For this project, I was able to create two technical products. Firstly, I was able to scrape the titles and previews from Mars news articles and secondly, I was able to scrape and analyze Mars weather data from a table. This project was interesting for a couple reasons, but mostly because it gives an opportunity to put to use the core skills of collecting data, organizing and storing data, analyzing data, and then visually communicating your insights.
Deliverable #1
The first part of this project utilized Splinter for automated browsing to access the Mars news site (https://static.bc-edx.com/data/web/mars_news/index.html) and BeautifulSoup for HTML parsing. I created a BeautifulSoup object, soup_object
, and extracted all the div
and class
elements needed in order to add the titles and preview text of the news articles to a list. After confirming the list was successful, I was able to close the broswer.
Deliverable #2
The second part to this project scraped and analyzed the data from the Mars Temperature Data Site (https://static.bc-edx.com/data/web/mars_facts/temperature.html) using a BeautifulSoup object to obtain the table and a Pandas DataFrame to hold the data under seven column headings.
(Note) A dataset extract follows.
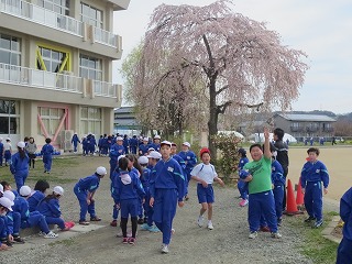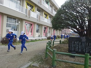 朝マラソンが始まりました。6年生も5年生も、学校を引っ張ろうとしていました。

I first inspected the data types and converted each column to datetime
, int
, or float
data types. With the cleaned data, I was able to create a few bar charts to show the average minimum daily temperature for all of the months on Mars, the average daily atmospheric pressure at the location of the spaceship Curiosity, and about how many terrestrial (Earth) days exist in a Martian year. To finish this part of the project, I saved the Mars DataFrame to a CSV.
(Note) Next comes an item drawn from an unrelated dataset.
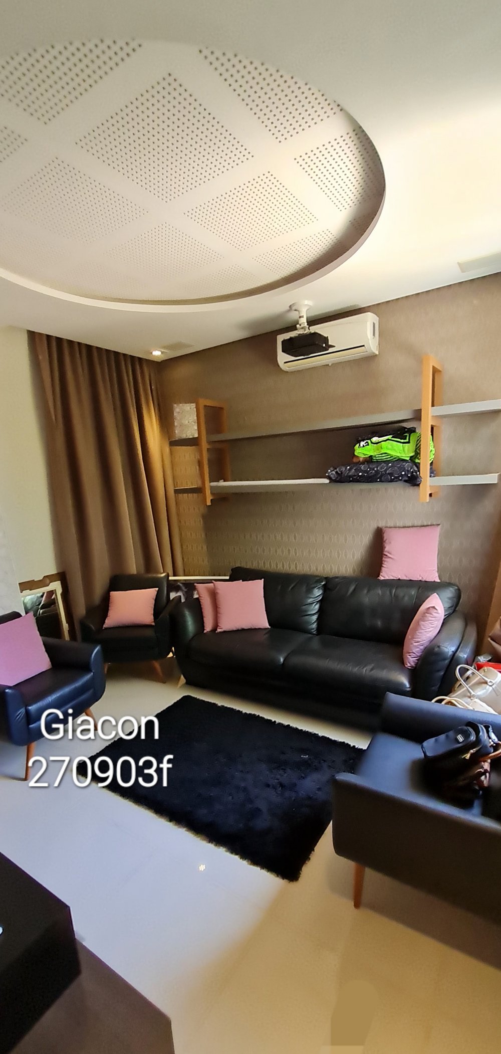 Sala de TV fechada com telão

The two biggest challenges I have faced in this project was the use of BeautifulSoup and how to most efficiently convert the data types. After creating the soup_object
, I struggled to rememeber to call the name of the object instead of soup
itself. Initially I tried to condense the code for the data type conversion to one single line, but since to_datetime
is a different function than astype
, I was unable to have a single line of code. Alternatively, I created a dictionary to hold the int
and float
columns and used df = df.astype(convert_dict)
in order to combine the two functions.